Records for this task:
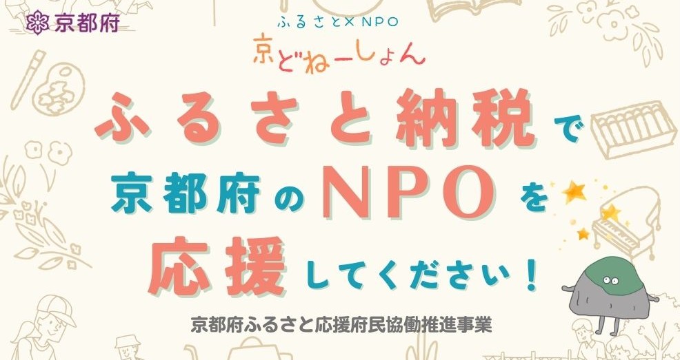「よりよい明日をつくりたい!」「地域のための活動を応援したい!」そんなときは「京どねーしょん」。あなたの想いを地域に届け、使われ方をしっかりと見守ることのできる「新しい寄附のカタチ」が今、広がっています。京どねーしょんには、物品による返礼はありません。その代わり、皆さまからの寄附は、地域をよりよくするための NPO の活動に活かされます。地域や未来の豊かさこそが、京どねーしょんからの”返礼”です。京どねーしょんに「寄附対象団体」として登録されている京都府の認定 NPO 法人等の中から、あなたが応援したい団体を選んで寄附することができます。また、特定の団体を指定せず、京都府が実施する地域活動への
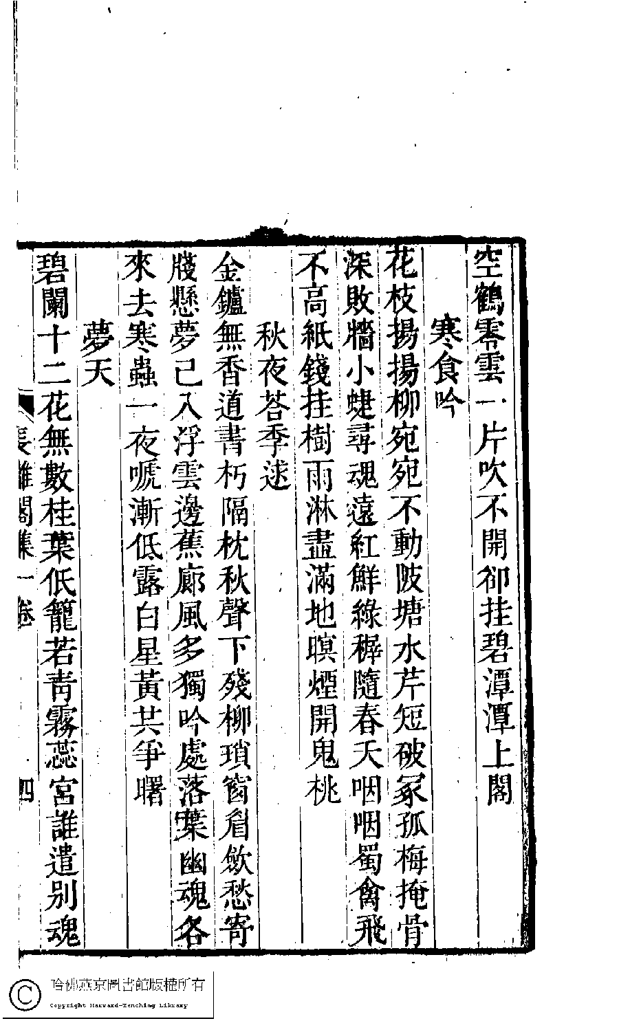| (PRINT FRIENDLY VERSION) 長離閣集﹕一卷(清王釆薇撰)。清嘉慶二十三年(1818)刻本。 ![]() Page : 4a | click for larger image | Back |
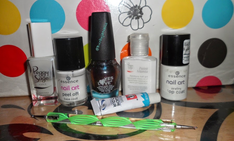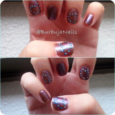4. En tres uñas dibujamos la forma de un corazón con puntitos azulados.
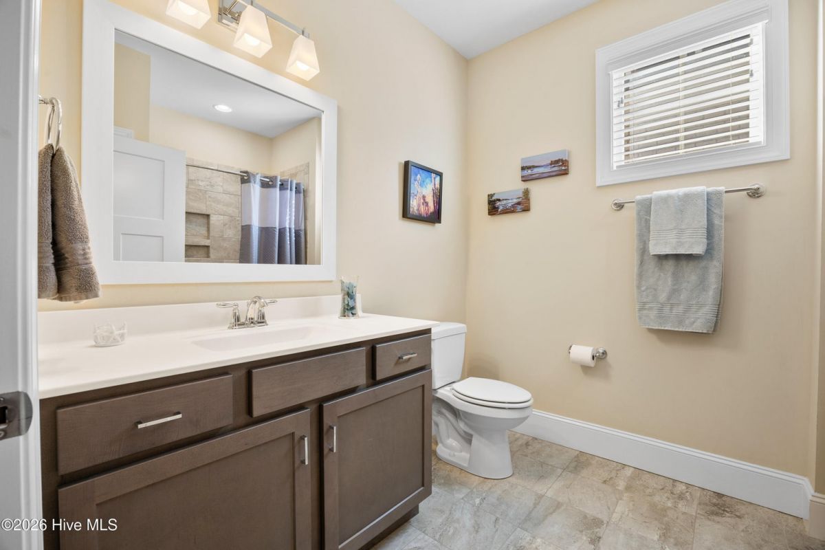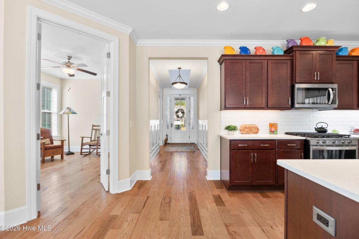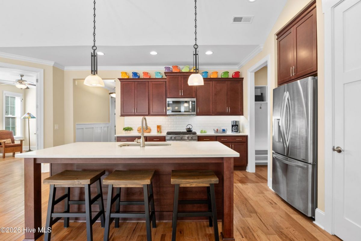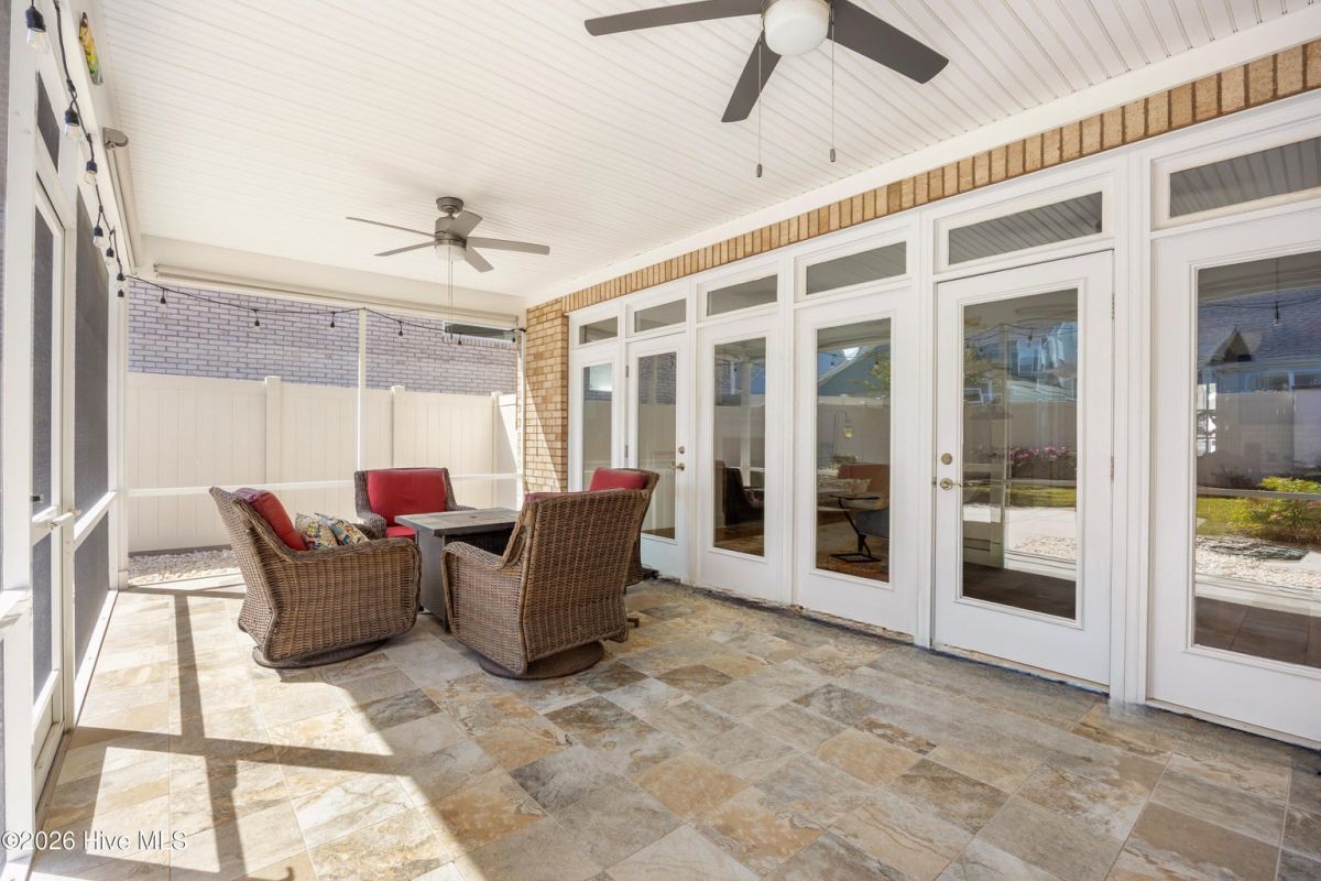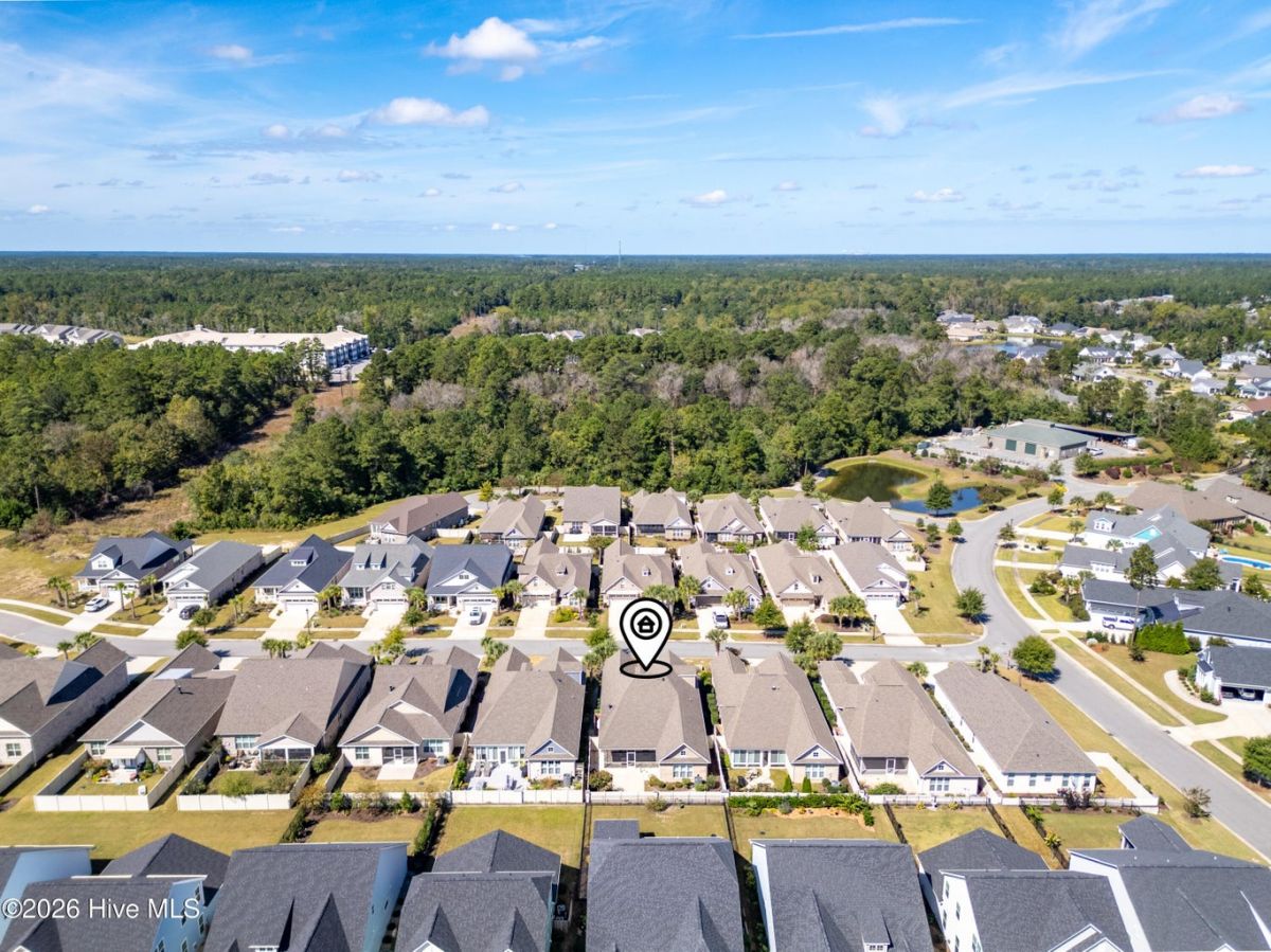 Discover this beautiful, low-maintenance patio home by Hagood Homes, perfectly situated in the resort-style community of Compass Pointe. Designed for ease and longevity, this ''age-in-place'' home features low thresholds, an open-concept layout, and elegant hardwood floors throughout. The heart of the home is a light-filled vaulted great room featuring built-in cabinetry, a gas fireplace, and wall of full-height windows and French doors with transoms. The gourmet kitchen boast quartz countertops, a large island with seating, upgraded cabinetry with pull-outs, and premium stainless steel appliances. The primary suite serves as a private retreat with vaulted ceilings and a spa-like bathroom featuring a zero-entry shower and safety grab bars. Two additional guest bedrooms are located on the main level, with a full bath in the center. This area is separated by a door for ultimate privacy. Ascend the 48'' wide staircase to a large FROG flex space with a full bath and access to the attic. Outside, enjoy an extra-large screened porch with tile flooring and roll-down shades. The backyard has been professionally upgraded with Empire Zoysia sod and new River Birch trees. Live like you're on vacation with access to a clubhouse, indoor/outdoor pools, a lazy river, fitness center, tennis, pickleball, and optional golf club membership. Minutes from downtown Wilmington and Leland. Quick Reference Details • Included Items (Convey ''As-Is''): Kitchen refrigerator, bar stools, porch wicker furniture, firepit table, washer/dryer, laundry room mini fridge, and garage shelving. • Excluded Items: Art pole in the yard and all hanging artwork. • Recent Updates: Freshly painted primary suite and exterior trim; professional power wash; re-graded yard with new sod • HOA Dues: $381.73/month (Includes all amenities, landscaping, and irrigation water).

--

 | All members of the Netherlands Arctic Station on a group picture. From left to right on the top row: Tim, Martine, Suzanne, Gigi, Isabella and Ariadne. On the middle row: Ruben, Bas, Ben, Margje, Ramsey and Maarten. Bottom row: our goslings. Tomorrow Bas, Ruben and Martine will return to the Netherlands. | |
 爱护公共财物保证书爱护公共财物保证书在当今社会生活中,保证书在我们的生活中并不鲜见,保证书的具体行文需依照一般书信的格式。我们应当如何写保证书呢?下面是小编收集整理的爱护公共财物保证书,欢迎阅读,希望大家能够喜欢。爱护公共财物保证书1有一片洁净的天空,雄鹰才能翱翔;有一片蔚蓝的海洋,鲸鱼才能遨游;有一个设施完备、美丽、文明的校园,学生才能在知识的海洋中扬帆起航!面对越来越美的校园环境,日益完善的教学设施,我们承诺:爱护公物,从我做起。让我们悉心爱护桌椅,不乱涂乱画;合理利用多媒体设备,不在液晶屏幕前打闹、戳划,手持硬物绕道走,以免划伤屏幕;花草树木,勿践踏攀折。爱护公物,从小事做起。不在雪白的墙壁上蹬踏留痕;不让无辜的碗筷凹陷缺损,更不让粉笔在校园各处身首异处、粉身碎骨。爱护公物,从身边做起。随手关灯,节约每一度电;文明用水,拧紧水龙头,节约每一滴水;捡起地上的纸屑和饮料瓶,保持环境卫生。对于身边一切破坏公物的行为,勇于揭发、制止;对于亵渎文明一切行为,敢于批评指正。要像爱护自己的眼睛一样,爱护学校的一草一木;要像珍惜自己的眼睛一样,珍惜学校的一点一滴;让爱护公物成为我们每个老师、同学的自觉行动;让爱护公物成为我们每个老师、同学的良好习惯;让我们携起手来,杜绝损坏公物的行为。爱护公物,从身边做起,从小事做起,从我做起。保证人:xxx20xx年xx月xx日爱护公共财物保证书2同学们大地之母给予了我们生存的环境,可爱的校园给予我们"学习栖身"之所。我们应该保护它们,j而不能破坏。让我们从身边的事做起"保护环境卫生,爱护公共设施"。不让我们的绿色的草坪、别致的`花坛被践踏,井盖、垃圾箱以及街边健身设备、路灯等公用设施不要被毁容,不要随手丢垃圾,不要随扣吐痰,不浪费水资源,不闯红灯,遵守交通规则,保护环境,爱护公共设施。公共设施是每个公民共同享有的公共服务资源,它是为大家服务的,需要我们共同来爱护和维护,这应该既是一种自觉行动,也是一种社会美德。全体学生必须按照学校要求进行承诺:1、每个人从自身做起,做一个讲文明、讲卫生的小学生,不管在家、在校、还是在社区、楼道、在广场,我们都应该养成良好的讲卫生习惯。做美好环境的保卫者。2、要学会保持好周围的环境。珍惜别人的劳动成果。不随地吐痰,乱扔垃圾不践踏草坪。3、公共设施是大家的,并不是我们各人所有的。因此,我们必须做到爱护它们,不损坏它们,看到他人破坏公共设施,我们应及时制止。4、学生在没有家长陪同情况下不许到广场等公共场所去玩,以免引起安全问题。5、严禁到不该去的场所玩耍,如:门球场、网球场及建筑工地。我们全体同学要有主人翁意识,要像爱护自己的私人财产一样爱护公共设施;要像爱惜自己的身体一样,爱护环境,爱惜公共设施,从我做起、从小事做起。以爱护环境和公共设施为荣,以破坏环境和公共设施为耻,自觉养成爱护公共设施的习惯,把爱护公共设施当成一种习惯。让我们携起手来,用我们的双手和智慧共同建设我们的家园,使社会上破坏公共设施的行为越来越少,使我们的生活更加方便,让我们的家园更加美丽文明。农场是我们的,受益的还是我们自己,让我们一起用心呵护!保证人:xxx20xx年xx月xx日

...

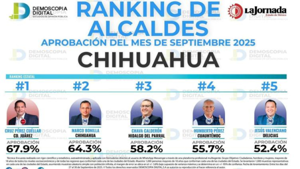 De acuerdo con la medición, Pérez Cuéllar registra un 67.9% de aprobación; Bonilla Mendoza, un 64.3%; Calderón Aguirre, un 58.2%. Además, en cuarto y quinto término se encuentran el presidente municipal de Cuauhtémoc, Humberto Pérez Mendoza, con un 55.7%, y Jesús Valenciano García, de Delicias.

Task to complete:
Every line from the one with "image | Back |" through the one with "4. En tres uñas" is to be reproduced exactly as written above, and the pictures are to be dropped.

Exercise answer:
| (PRINT FRIENDLY VERSION) 長離閣集﹕一卷(清王釆薇撰)。清嘉慶二十三年(1818)刻本。 ![]() Page : 4a | click for larger image | Back |
4. En tres uñas dibujamos la forma de un corazón con puntitos azulados.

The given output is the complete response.